Extracted records:
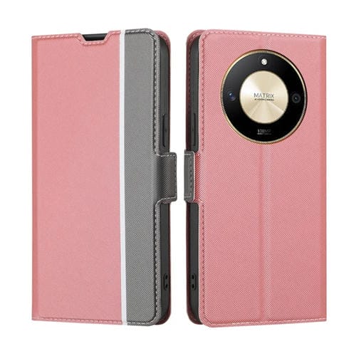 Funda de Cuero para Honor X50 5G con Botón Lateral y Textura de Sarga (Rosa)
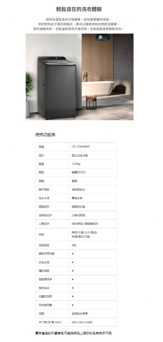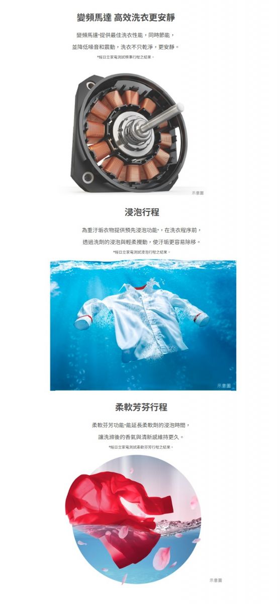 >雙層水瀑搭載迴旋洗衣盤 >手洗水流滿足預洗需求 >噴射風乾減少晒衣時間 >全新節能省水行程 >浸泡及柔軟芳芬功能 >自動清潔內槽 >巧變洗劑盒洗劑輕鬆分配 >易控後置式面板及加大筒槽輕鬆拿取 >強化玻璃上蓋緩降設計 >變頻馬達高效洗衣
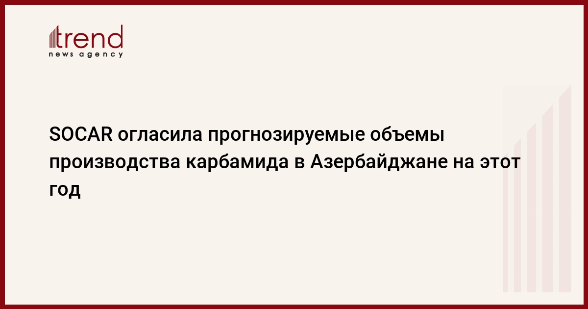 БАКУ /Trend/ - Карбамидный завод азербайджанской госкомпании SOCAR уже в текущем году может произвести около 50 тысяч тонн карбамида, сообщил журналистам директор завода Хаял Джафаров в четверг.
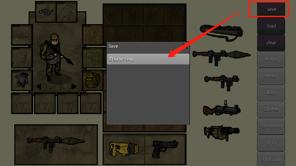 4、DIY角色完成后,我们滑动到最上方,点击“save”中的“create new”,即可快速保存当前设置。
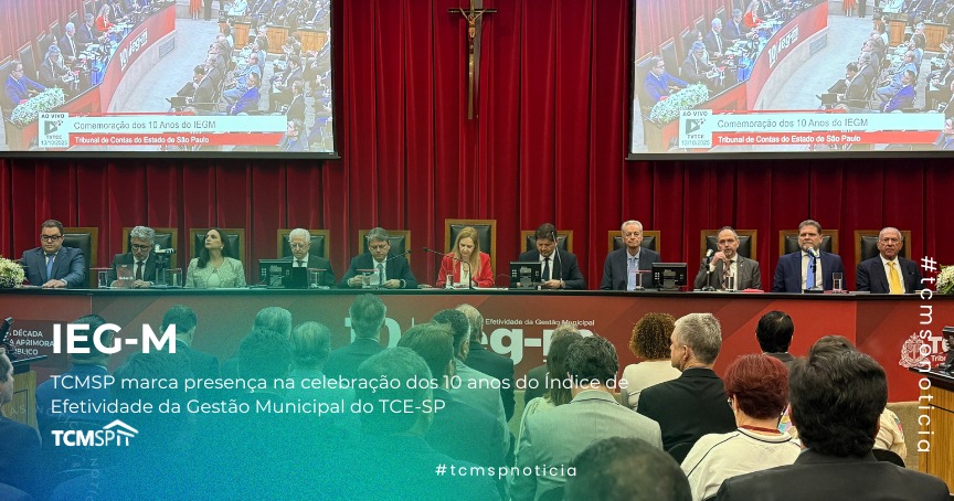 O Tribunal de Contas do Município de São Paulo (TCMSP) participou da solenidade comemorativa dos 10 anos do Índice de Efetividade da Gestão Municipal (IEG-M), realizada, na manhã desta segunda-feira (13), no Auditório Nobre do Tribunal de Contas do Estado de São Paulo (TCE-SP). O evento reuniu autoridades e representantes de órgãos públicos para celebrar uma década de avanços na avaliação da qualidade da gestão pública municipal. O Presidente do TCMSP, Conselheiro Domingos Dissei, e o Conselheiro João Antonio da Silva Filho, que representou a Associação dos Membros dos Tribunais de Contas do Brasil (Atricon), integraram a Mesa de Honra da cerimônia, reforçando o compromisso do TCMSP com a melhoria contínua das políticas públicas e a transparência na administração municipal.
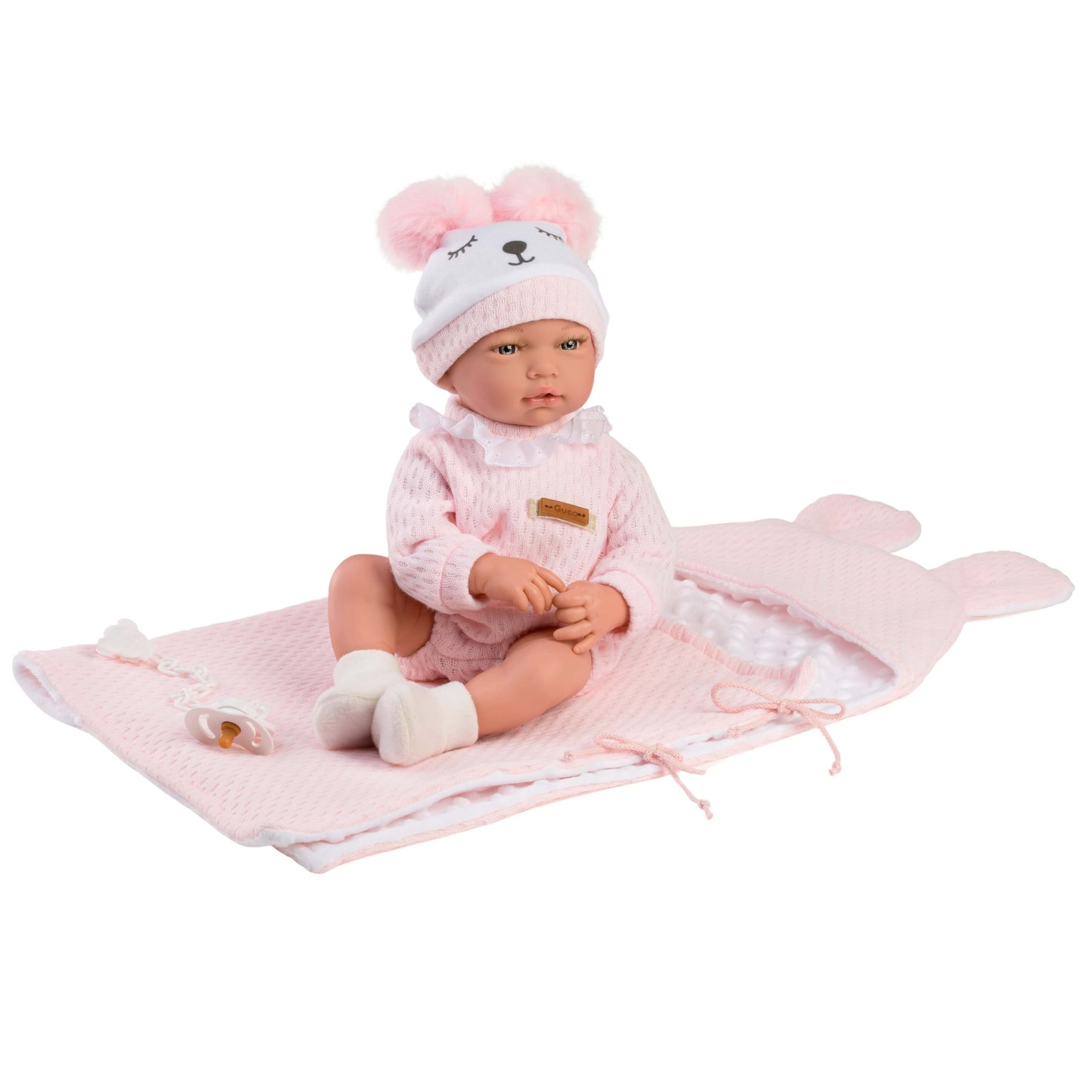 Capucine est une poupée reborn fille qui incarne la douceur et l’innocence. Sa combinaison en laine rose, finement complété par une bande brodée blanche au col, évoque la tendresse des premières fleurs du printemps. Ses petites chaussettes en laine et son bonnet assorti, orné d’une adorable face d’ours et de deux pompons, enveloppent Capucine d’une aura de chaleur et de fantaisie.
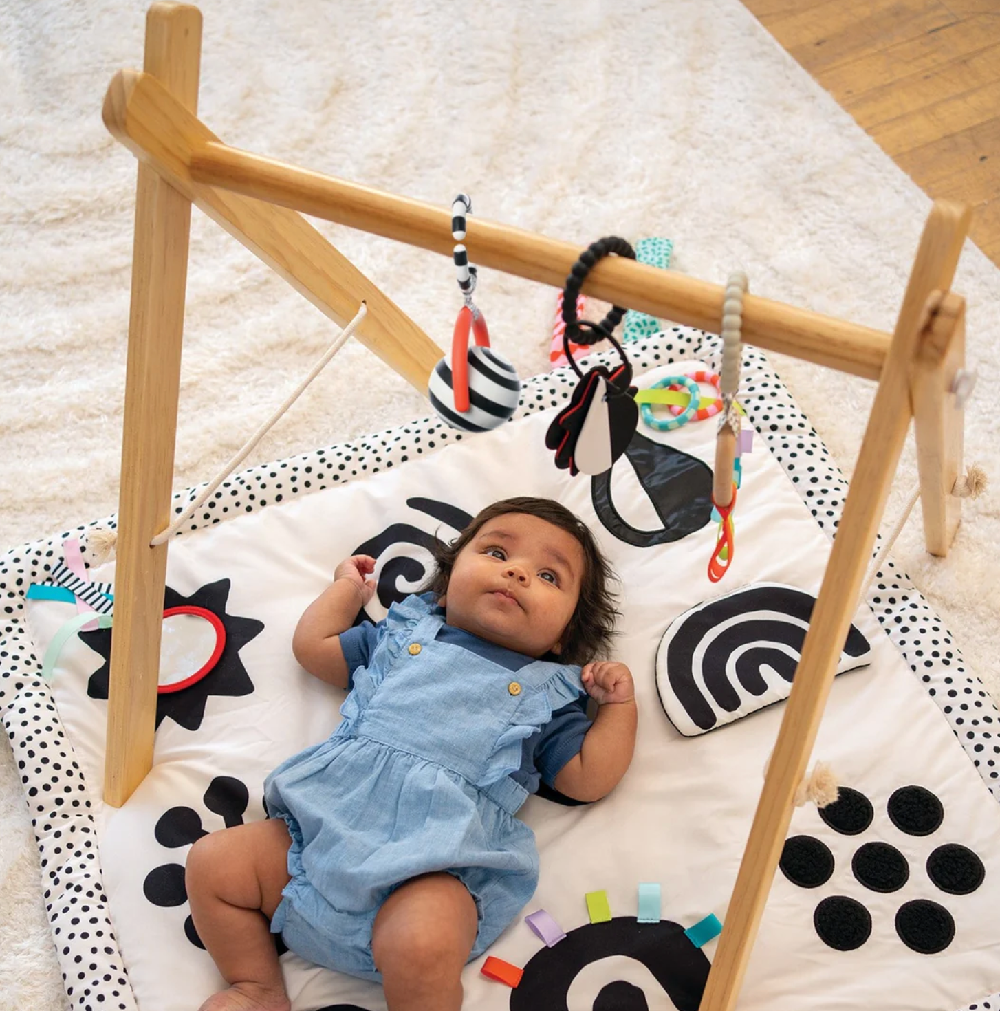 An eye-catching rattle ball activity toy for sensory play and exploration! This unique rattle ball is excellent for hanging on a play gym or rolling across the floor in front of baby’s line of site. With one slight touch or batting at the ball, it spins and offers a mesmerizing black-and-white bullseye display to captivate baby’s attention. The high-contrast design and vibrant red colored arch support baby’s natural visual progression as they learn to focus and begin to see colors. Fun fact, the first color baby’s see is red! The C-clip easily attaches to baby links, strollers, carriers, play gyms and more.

What to do:
Print out the entries above word for word from the first line to the line containing "4、DIY角色完成后,我们滑", both included, omitting the pictures.

Exercise solution:
 Funda de Cuero para Honor X50 5G con Botón Lateral y Textura de Sarga (Rosa)
 >雙層水瀑搭載迴旋洗衣盤 >手洗水流滿足預洗需求 >噴射風乾減少晒衣時間 >全新節能省水行程 >浸泡及柔軟芳芬功能 >自動清潔內槽 >巧變洗劑盒洗劑輕鬆分配 >易控後置式面板及加大筒槽輕鬆拿取 >強化玻璃上蓋緩降設計 >變頻馬達高效洗衣
 БАКУ /Trend/ - Карбамидный завод азербайджанской госкомпании SOCAR уже в текущем году может произвести около 50 тысяч тонн карбамида, сообщил журналистам директор завода Хаял Джафаров в четверг.
 4、DIY角色完成后,我们滑动到最上方,点击“save”中的“create new”,即可快速保存当前设置。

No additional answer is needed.